In the case of implementation by firmware or software, an embodiment of the present invention may be implemented in the form of a module, procedure, function, etc. that performs the functions or operations described above. The software code can be stored in memory and driven by a processor. The memory is located inside or outside the processor, and can exchange data with the processor by various known means.

It is apparent to those skilled in the art that the present invention may be embodied in other specific forms without departing from the essential features of the present invention. Therefore, the above detailed description should not be construed as limiting in all respects, but should be considered illustrative. The scope of the invention should be determined by rational interpretation of the appended claims, and all changes within the equivalent scope of the invention are included in the scope of the invention.

The present invention can be applied to various voice recognition technology fields.

The present invention provides a method for automatically and immediately reflecting an unregistered vocabulary.
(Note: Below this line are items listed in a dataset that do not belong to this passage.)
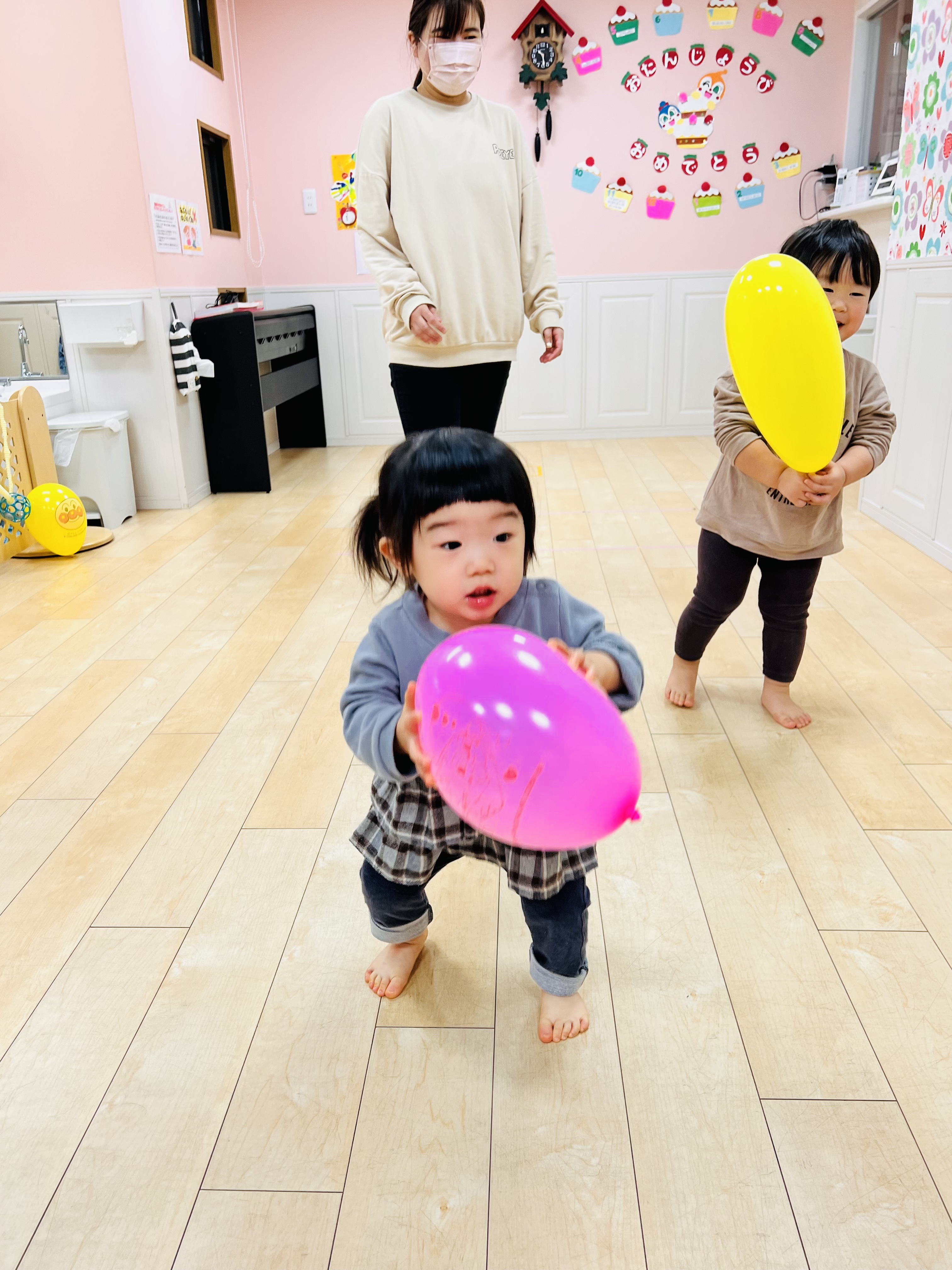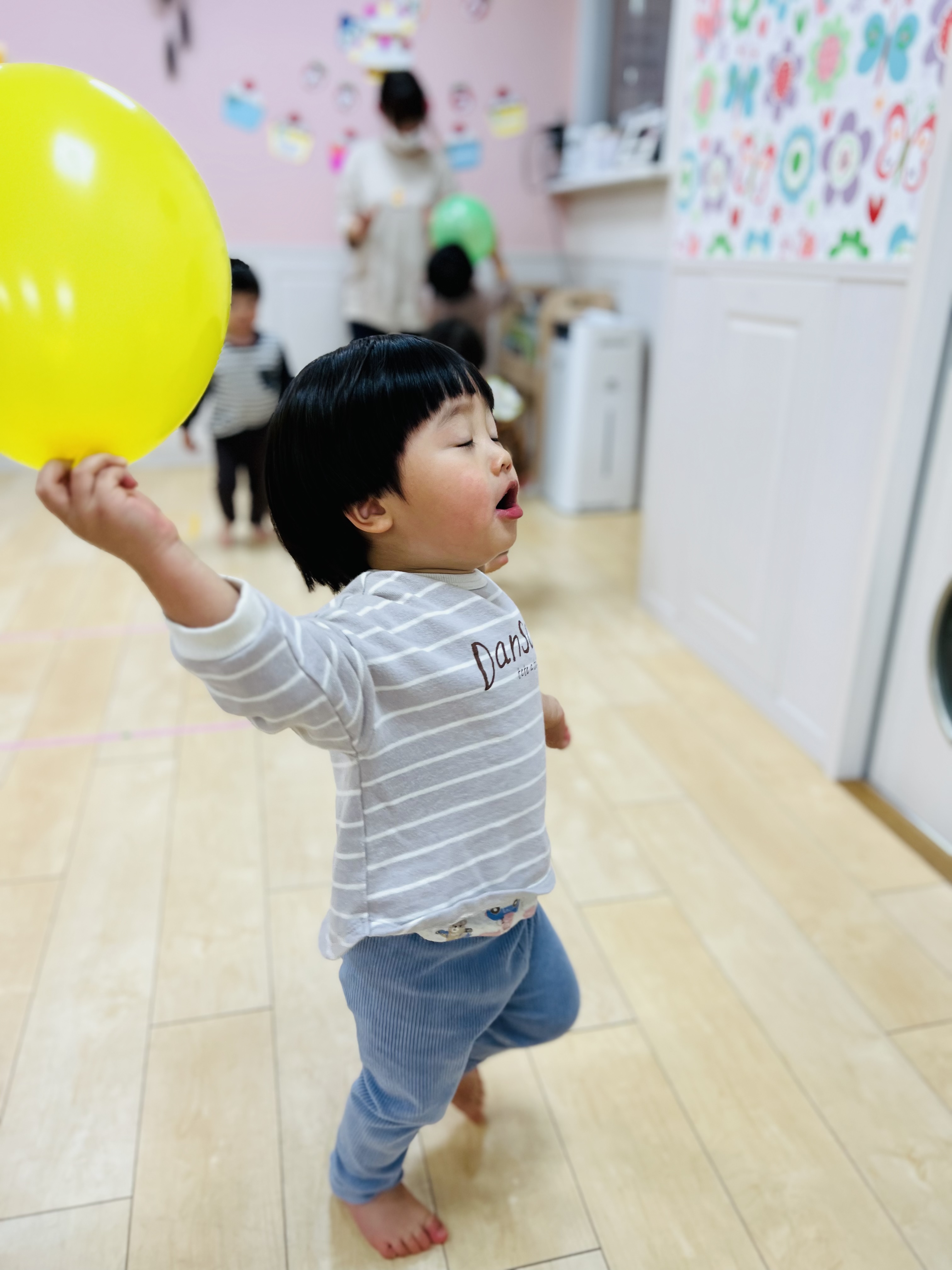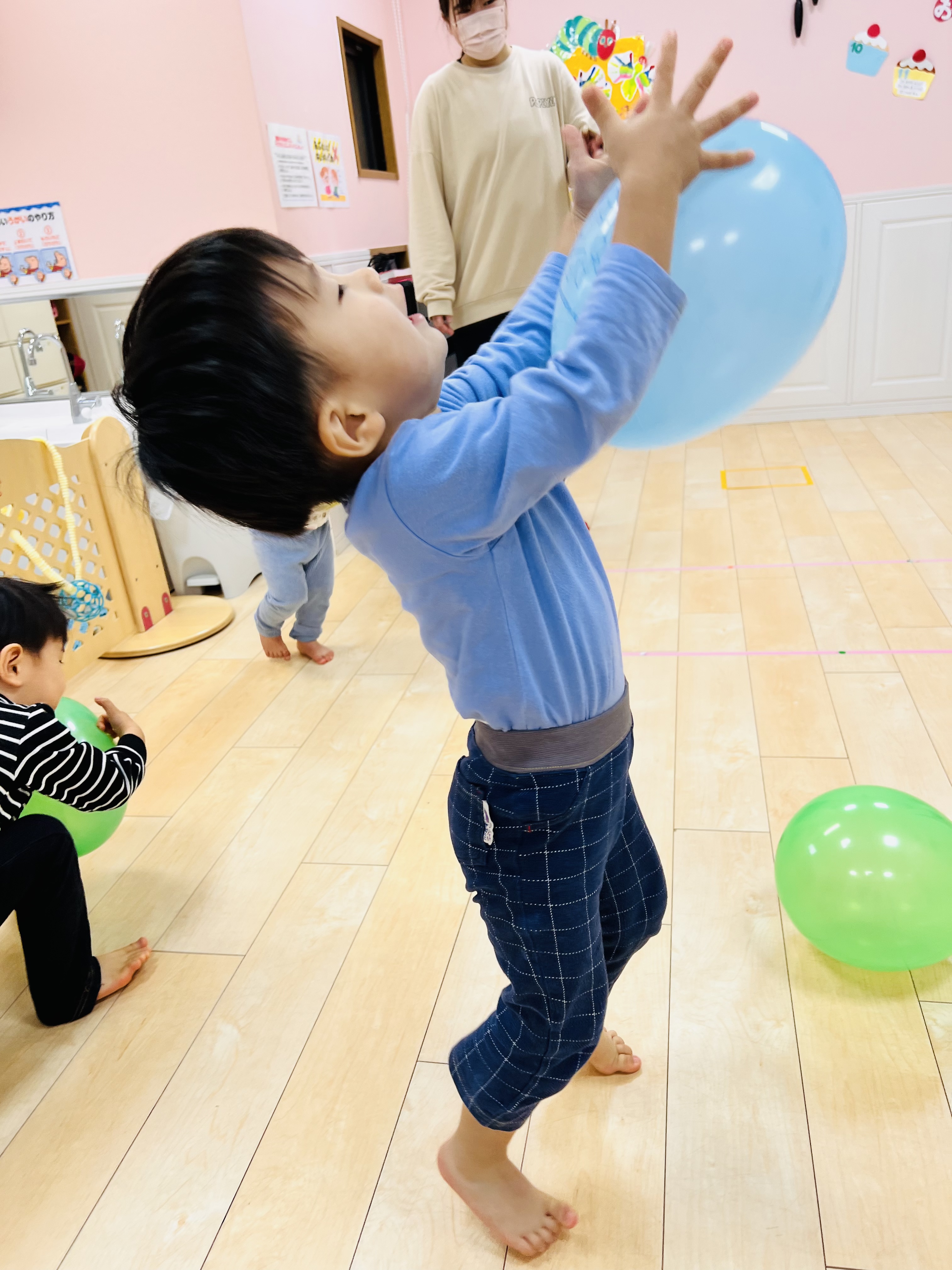 1人1つずつ風船を受け取り、お部屋でポーンと遊びました♫
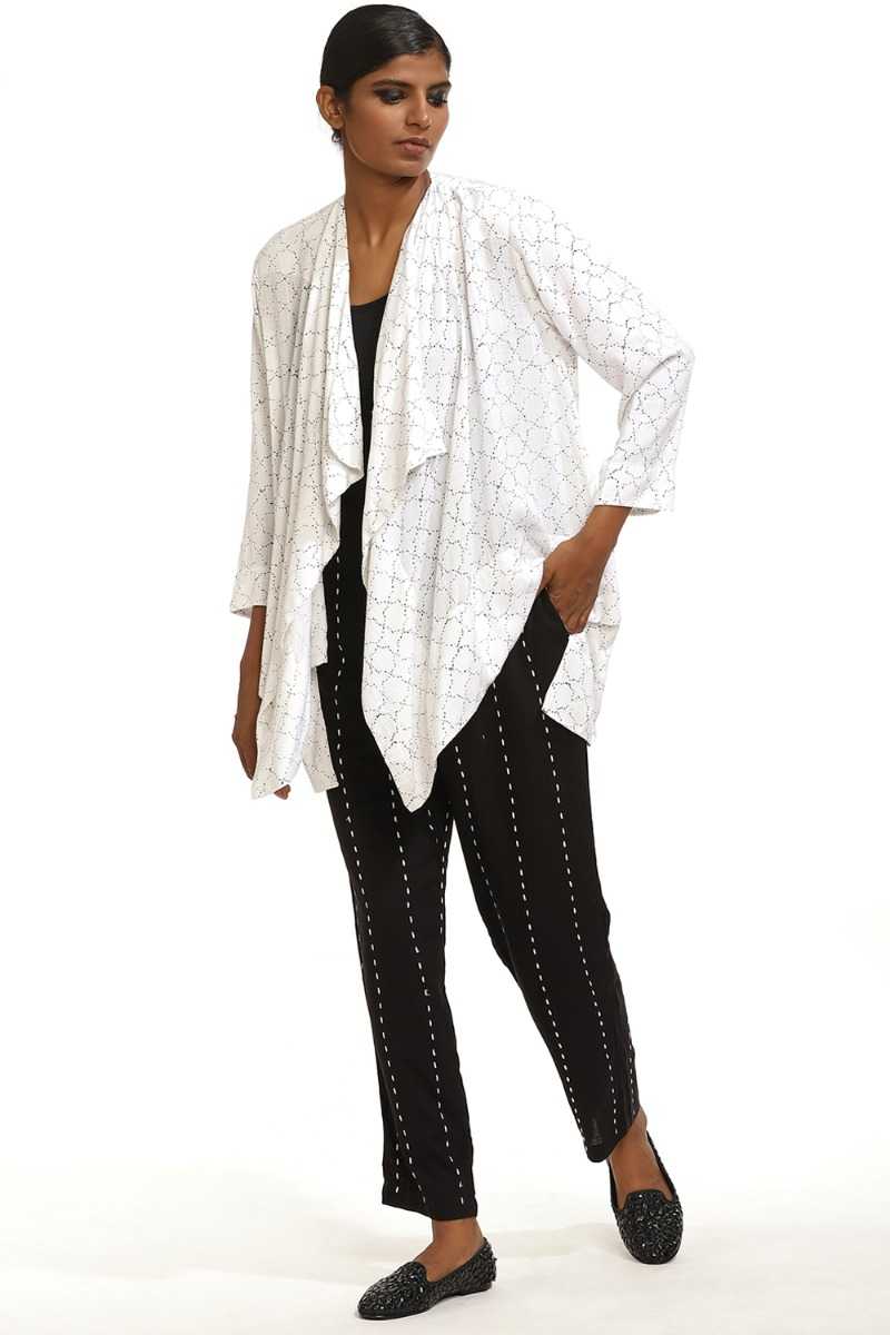 Ivory Viscose With Black Hand Stitch Jali Print.
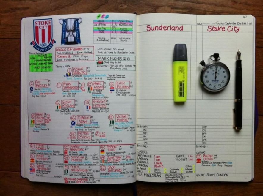 Non se e quanto sia bravo come radiocronista, ma di certo i suoi resoconti scritti delle partite sono particolarissimi. Non utilizza obbligatoriamente stilografiche (anche se in qualche foto si vedono), ma il suo lavoro mi sembra meritevole di essere visto.
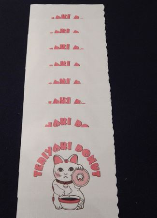 This is a lot of 8 prop "Teriyaki Donuts" napkins screen used in the Quentin Tarantino film "Jackie Brown." These items are accompanied by a letter of authenticity from Star Wares.
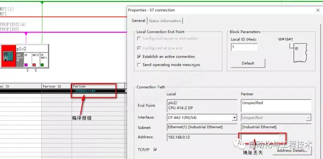 所以还需要将通信伙伴PLC也上载,完善连接信息。如果通信伙伴和其它PLC还有通信,也需要上载,总之所以相关联的站点都要上载,所以上载在线程序也是比较麻烦的。 (3)如果通信连接丢失,例如上载后再下载,将原有连接覆盖,连接必须重新创建,并且必须与通信程序块匹配,如下图所示:
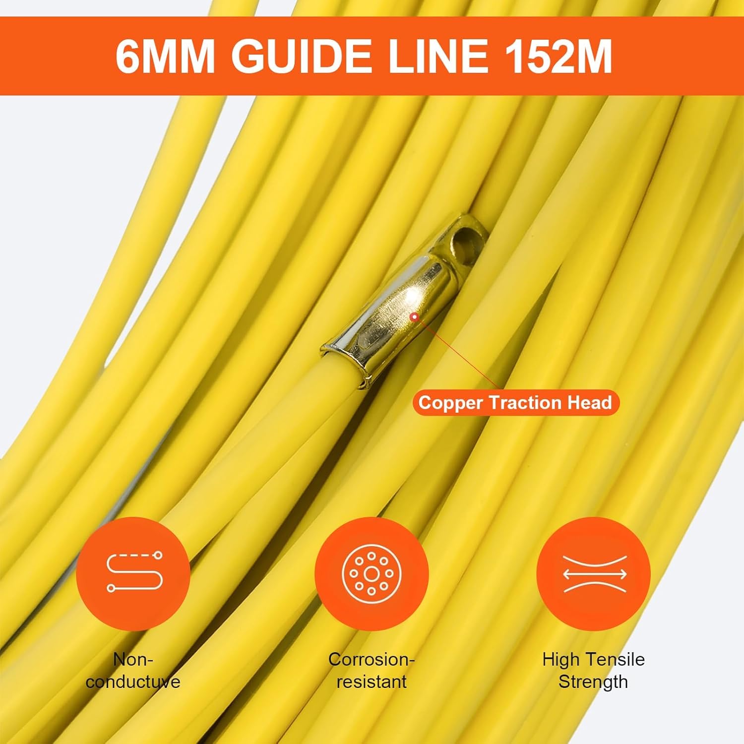 Why Choose Our High Performance Wire Cable?Engineered for demanding electrical work, this professional-grade fish tape delivers superior strength and flexibility for routing wires through complex conduit systems. Its temperature-resistant construction maintains performance in extreme conditions.Key Features:High Performance - Designed for maximum strength and flexibility, gliding smoothly through tight pipes with precise length controlPremium Specifications - 6mm (1/4") diameter epoxy fiberglass cable extends 152m (500'), withstanding -40°C to 80°C temperatures and 130° bendsSturdy Hand Carrier - Welded aluminum frame with triangular support and non-slip round pipe gripExtended Durability - Rust-proof fiberglass core with aluminum cage and high-grade axle for lasting tension strengthVersatile Applications - Ideal for telecom, electrical wiring, utility, construction, power grids and petrochemical installationsWhy It's Essential:Simplifies challenging threading jobs in intricate pipe systemsMaintains reliability in extreme temperature working environmentsProvides secure handling and control during high-tension operationsResists corrosion for long-term use in demanding conditionsAdapts to multiple industrial applications across various sectorsIdeal for professional electricians and utility technicians, this heavy-duty fish tape combines rugged construction with precision engineering to tackle the most demanding wire pulling tasks while enduring harsh job site conditions.
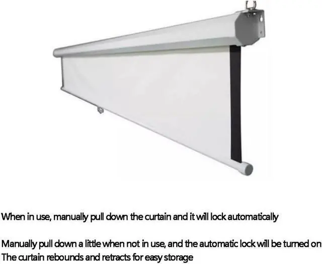 The portable projector screen is equipped with a convenient auto-lock mechanism. You can manually pull it down to the desired height, and when not in use, a gentle downward pull will automatically unlock it, allowing the screen to roll up.
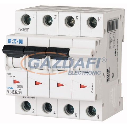 1 kép EATON 165042 Kismegszakító, 6kA PL6-D32/3N - 32 A, 3P+N, karakterisztika: D
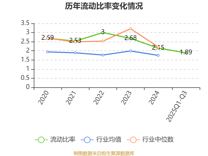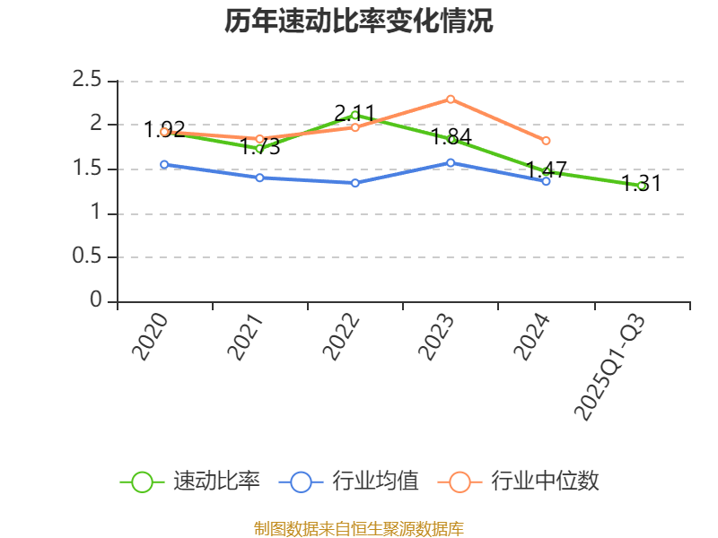 2025年前三季度,公司流动比率为1.89,速动比率为1.31。
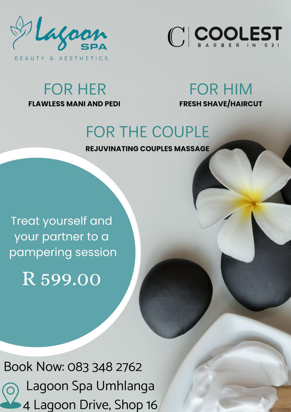 Imagine escaping to a world where the gentle rhythm of the ocean washes away your stress. That's Lagoon Spa. Nestled in the heart of Umhlanga, with breathtaking ocean views, we've created a haven of tranquility for your mind, body, and soul.At Lagoon Spa, we believe in personalized luxury. Our team of expert therapists is dedicated to providing exceptional, results-driven treatments tailored to your unique needs. From indulgent massages and revitalizing facials to specialized therapies like aromatherapy and hot stone treatments, we offer a complete wellness experience.Step into our elegant, serene space and let us pamper you. Our private treatment rooms, premium products, and expert techniques ensure every visit is a journey of pure relaxation. Whether you're seeking a solo escape or a memorable experience with loved ones, we offer customized packages for bridal showers, birthdays, or simply a day of self-care.Lagoon Spa is more than just a spa; it's your personal retreat. Discover the art of pampering and embrace the harmony of well-being. We invite you to experience the Lagoon Spa difference.
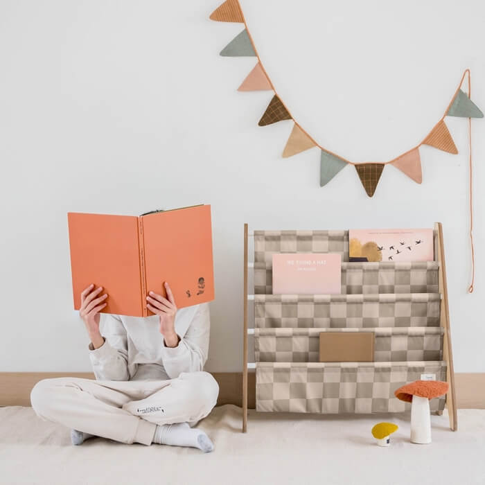 Stojak na książki dostosowany do wzrostu dziecka utrzymuje ulubione pozycje na poziomie jego wzroku. Stojak na książki został wykonany w 100% z poliestru pochodzącego z recyklingu.
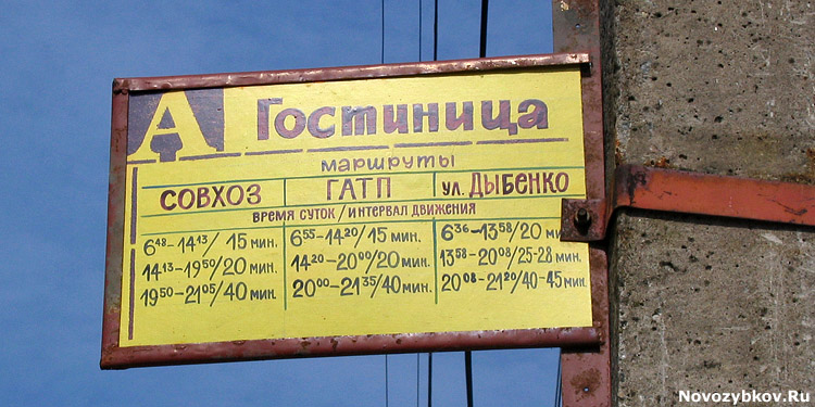 Отец рассказал, что в 50-е годы в Новозыбкове был один маршрут «Вокзал — Больница». Ходил, как и нынешний «Совхоз», но только прямиком через центральную площадь, не объезжая ее по Кубановской-Первомайской-Советской. Тариф был тогда поостановочный, по словам отца, 15 копеек за остановку (копейки «старые», до 10-кратной деноминации 1961 года).

Due to the above features of the present invention, misrecognition of unregistered vocabulary can be prevented. The problem of erroneous recognition due to unregistered vocabulary can be applied to many voice recognition services where new vocabulary can occur.

Claims

In the speech recognition method,

Receiving a voice signal and converting the voice signal into voice data;

Generating an initial speech recognition result by recognizing the speech data using an initial speech recognition model;

Retrieving the initial speech recognition result from the big data and collecting the same and / or similar data as the initial speech recognition result;

Generating or updating a speech recognition model using the collected same and / or similar data; And

Re-recognizing the speech data using the generated or updated speech recognition model, and generating a final speech recognition result; Including, speech recognition method.
According to claim 1,

The collecting the same and / or similar data may include collecting data related to the speech recognition result; Further comprising, speech recognition method.
According to claim 2,

The related data,

A sentence or document including a word or a string or a similar pronunciation string of the speech recognition result, and / or

A voice recognition method including data classified in the same category as the voice data in the big data.
According to claim 1,

The step of generating or updating the speech recognition model is a step of generating or updating the speech recognition model using auxiliary language data separately defined in addition to the collected same and / or similar data.
In the speech recognition device,

A voice input unit that receives voice;

A memory for storing data; And

Receiving an audio signal, converting the audio signal into audio data,

Recognize the speech data using an initial speech recognition model to generate initial speech recognition results,

Retrieve the initial speech recognition result from the big data, collect the same and / or similar data as the initial speech recognition result,

Create or update a speech recognition model using the same and / or similar data collected above,

A processor for re-recognizing the speech data using the generated or updated speech recognition model and generating a final speech recognition result; Included, speech recognition device.
The method of claim 5,

The processor,

A voice recognition device that collects data related to the voice data when collecting the same and / or similar data.
The method of claim 6,

The related data,

A sentence or document including a word or a string or a similar pronunciation string of the speech recognition result, and / or

A voice recognition device including data classified in the same category as the voice data in the big data.
The method of claim 5,

The processor,

In the case of generating or updating the speech recognition model, the speech recognition device generates or updates the speech recognition model using auxiliary language data separately defined in addition to the collected same and / or similar data.